As with all observational studies, the findings should be regarded as hypothesis-generating.

Dr JoAnne Foody, associate professor of medicine at Harvard Medical School and director of the Cardiovascular Wellness Center at Brigham and Women’s/Faulkner Hospitals, Boston, USA, said: “An important concern for clinicians, as well as for public health in general, is whether patients treated with different statins will experience different cardiovascular outcomes.

“This study suggests that there may be differences in cardiovascular outcomes between atorvastatin and simvastatin.

“Given the large number of patients receiving statin therapy, the availability of generic statins and the clinical and economic burden of cardiovascular events, the results of this observational study could have significant public health implications.”
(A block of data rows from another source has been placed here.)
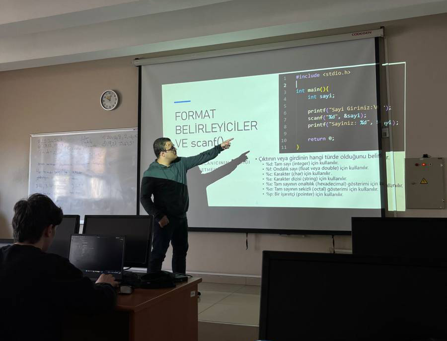 Yazılım Geliştirme Kulübümüz, yazılım temellerini pekiştirmeyi ve öğrencilere uygulamalı programlama deneyimi kazandırmayı amaçlayan “C Atölyesi” etkinliğini başarıyla gerçekleştirdi. Etkinlik, 31.10.2024 tarihinde bilgisayar laboratuvarında düzenlendi ve öğrencilere C programlama dilinin temel kavramları, veri yapıları, döngüler, koşullu ifadeler ve fonksiyon kullanımı üzerine kapsamlı bir uygulama fırsatı sundu.
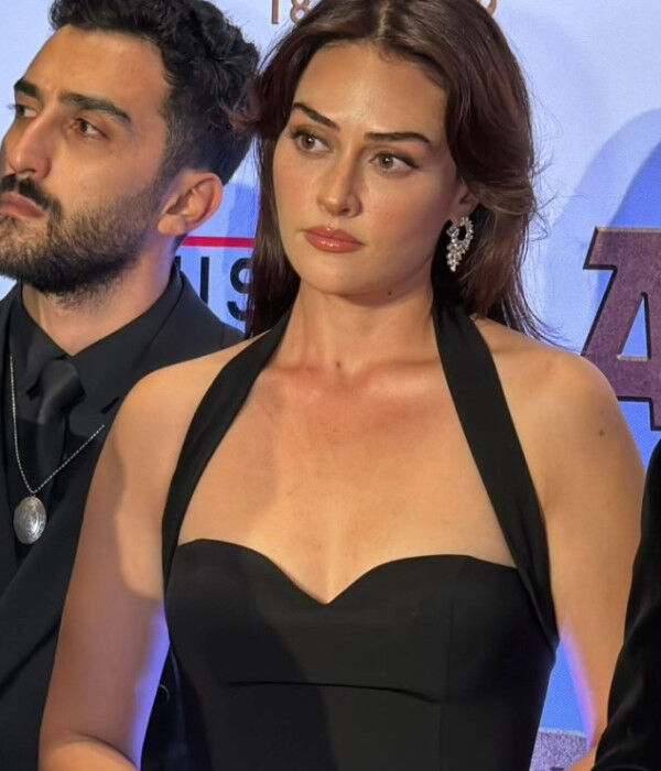 Güzel oyuncu Esra Bilgiç galaya siyah uzun yırtmaç ve kuyruk detaylı askılı elbisesiyle katıldı.
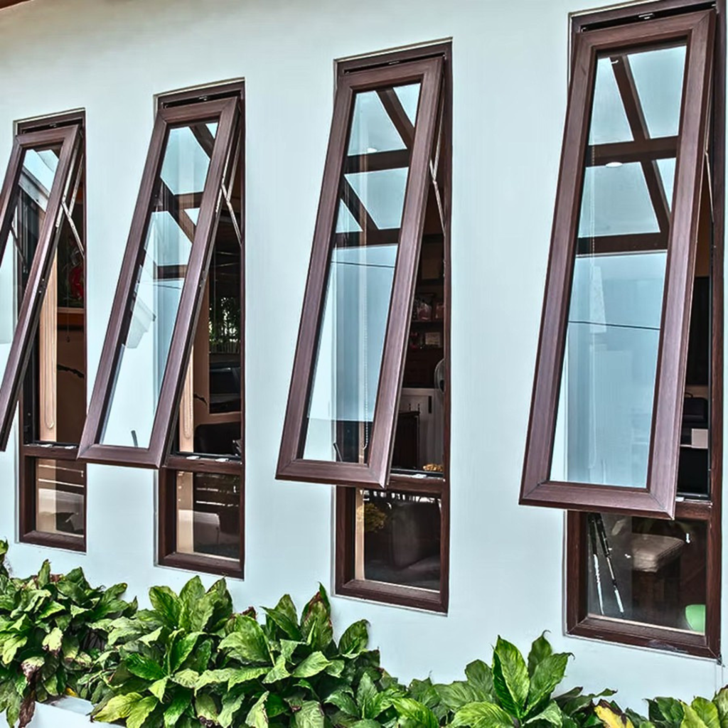 Louver ventilators allow controlled air circulation with angled slats, making them ideal for bathrooms and utility areas. Top-hung ventilators open outward from the top, preventing rainwater entry while ensuring fresh air flow.
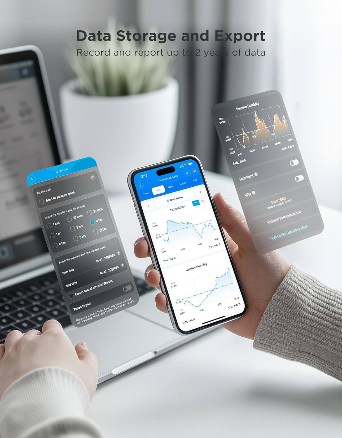 • Data Storage & Export: This bluetooth hygrometer thermometer sensor uploads data to the app via bluetooth. View the temperature and humidity trend chart from the past 20 days and export data from the past 2 years. Ideal for greenhouses, farms, etc.
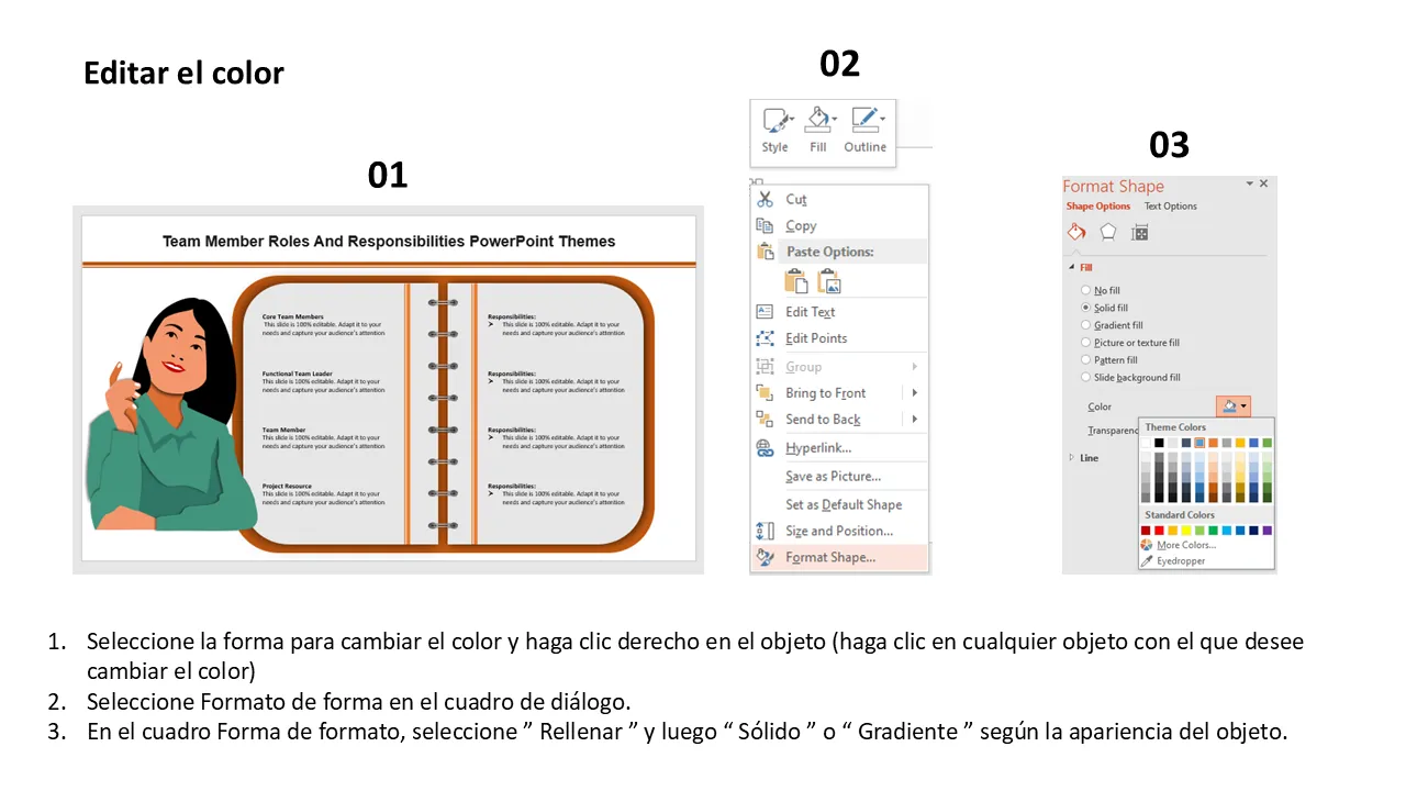 Características de Roles y responsabilidades de los miembros del equipo Temas de PowerPoint Plantilla de PowerPoint para presentaciones profesionales
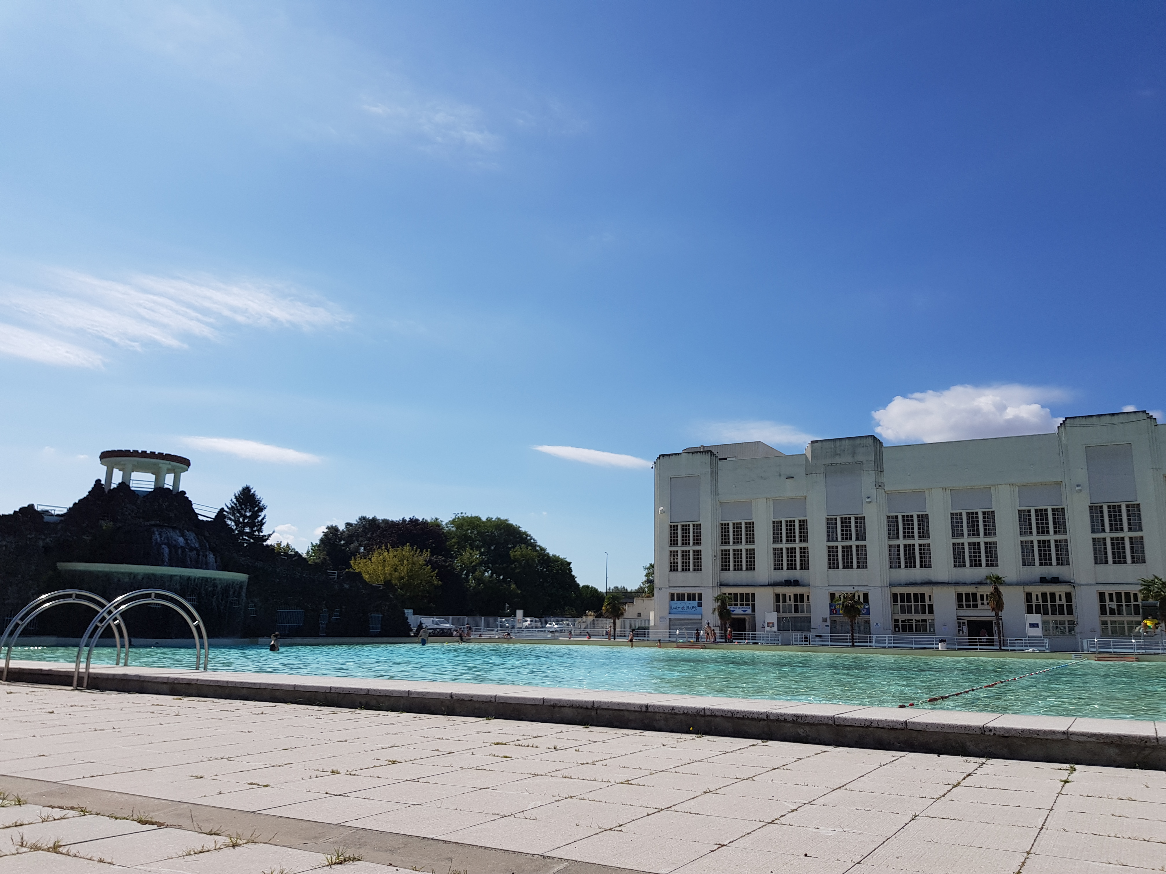 On adore cette piscine. C'est quand même un batiment particulier en terme d'architecture art déco et la taille de la piscine est énorme (150 m sur 50m ! ) avrc en son bout une cascade rocailleuse. Il y a une grande partie verdoyante où s'installer sous les arbres. Bien que situé en plein centre ville, on n'est pas pollué par les bruits de la ville. Il y a un parking vélo à l interieur et les vélos sont donc sous surveillance. Je recommande !
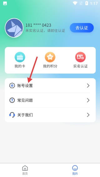 2、在个人中心页,找到并点击【账号设置】,进入账号设置界面。
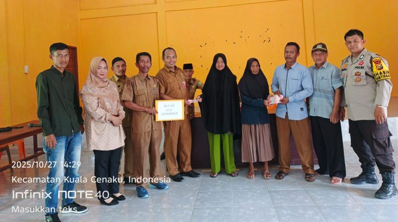 Indragiri Hulu, MNP – Pemerintah Desa Tanjung Sari, Kecamatan Kuala Cenaku, Kabupaten Indragiri Hulu, menyalurkan Bantuan Langsung Tunai Dana Desa (BLT DD) tahap kedua tahun 2025 kepada 25 Keluarga Penerima Manfaat (KPM).
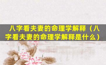 八 🐞 字 🐕 看夫妻命理学解 🌿 释大全
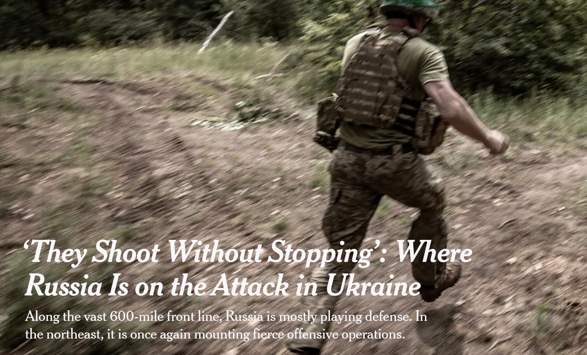 В статье говорится, что на северо-востоке РФ ведет "устойчивые наступательные операции" и "стреляет без остановки" - подчас втрое интенсивнее, чем украинские подразделения. Военврачи говорят о резком росте раненых на этом участке, хотя раньше их там было мало.
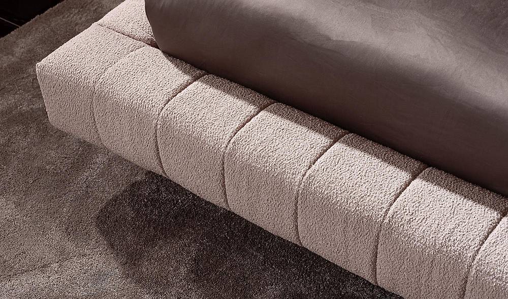 Seluruh kerangka tempat tidur, termasuk bagian bawah (footboard), juga memiliki jahitan serupa, menciptakan tampilan yang kohesif dan rapi. Tempat tidur ini dilapisi dengan kain berwarna putih tulang yang memberikan kesan bersih, cerah, dan menenangkan.
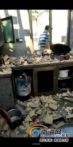 記者在當(dāng)?shù)鼐用裉峁┑囊欢我曨l中看到,發(fā)生爆炸的廚房為一間瓦房,屋內(nèi)有灶臺(tái)和一張圓桌,煤氣罐放在灶臺(tái)下方。煤氣罐上方的屋頂被沖擊波轟開(kāi),玻璃窗全被震碎,屋內(nèi)散落著碎瓦片和玻璃渣,原本放在桌上的餐具散落一地。廚房門口上方墻體出現(xiàn)半米長(zhǎng)的裂縫,震裂脫落的木門被炸飛出房門外約1米的地上,屋外的水桶等雜物也被震倒。
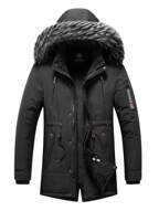 Men Slant Pocket Drawstring Hooded Padded Coat, For Fall Winter
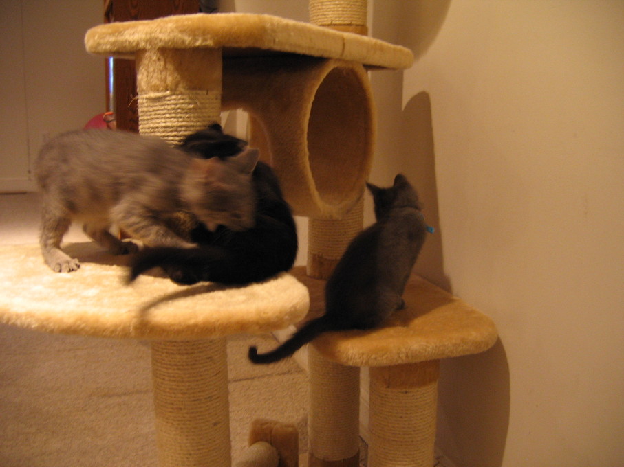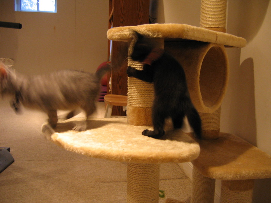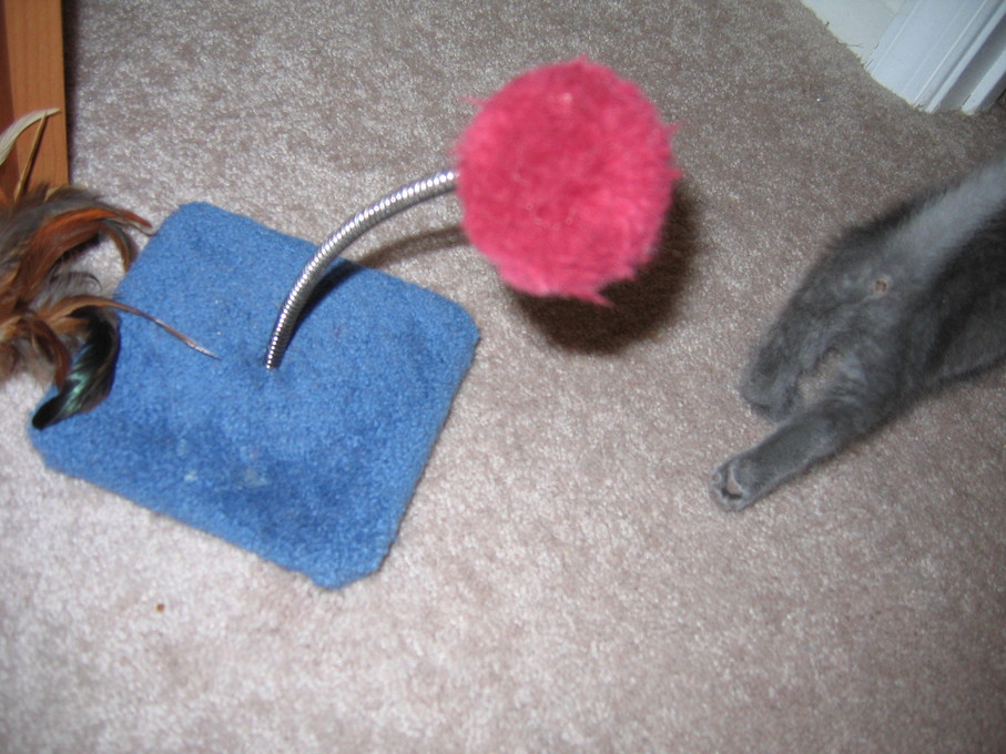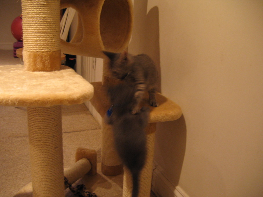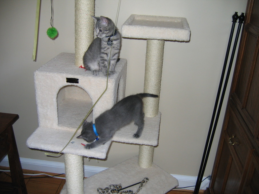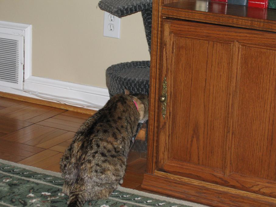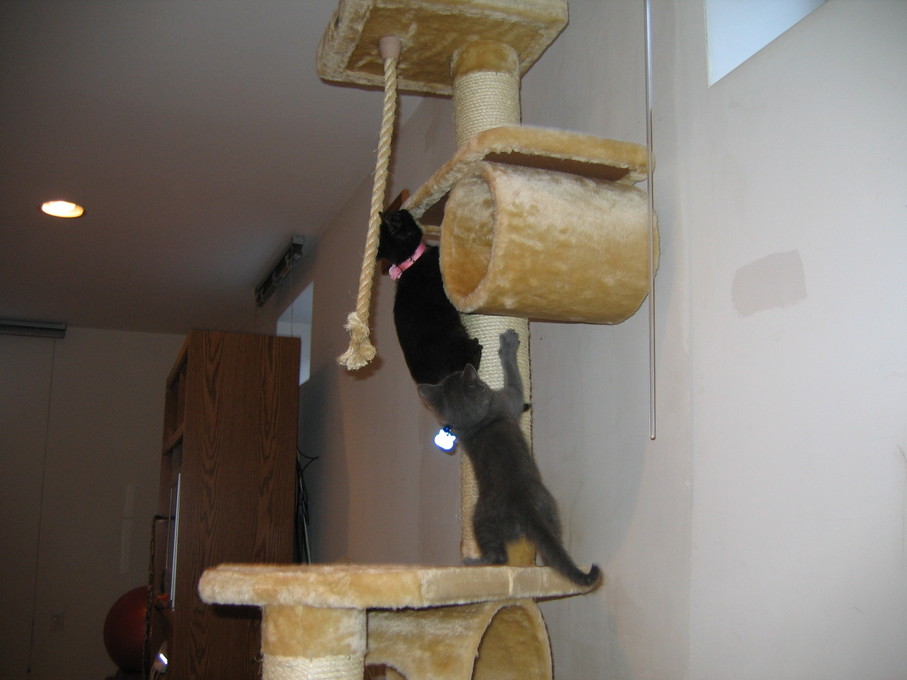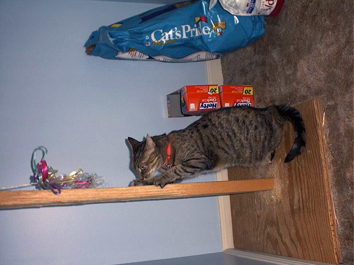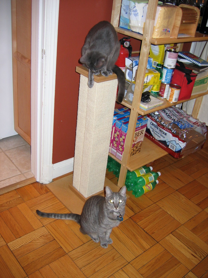 Zathras examining the part of the cat tower that broke off.
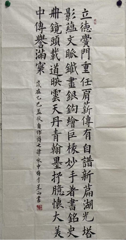 “Seven-Character Regulated Verse: Ode to CUC,” calligraphy by Li Xingyu (Class of 2024, New Media Arts), in Regular Script (Kaishu). Photo courtesy of CUC.
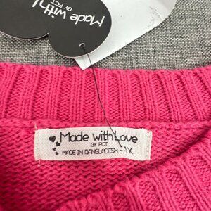 NEW! Made with Love By FCT Knit Sweater Pink White Clouds Plus 1X Acrylic $49
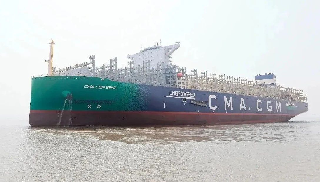 該船是法國達飛集團在滬東中華訂造的4艘24000TEU級雙燃料動力集裝箱船的首制船,也是滬東中華繼2020年9月完工交付的全球首創(chuàng)23000TEU雙燃料動力集裝箱船的升級優(yōu)化型集裝箱船。該船總長399米,可一次裝下23872個集裝箱,包括2200個標準冷藏集裝箱,最大堆箱層數達24層,相當于22層樓高度,是新一代海上“綠巨人”和“帶貨王”。

Dr Michael Berelowitz, a senior vice-president at Lipitor’s manufacturer, Pfizer, commented: “There has been widespread encouragement by managed-care companies and governments for physicians to prescribe generic statins based on what is believed to be comparable LDL-lowering doses, assuming that this will result in similar cardiovascular benefits.

“This analysis calls into question those assumptions and those policies and reaffirms that treatment decisions need to be made by physicians based on a patient’s risk for developing cardiovascular disease.”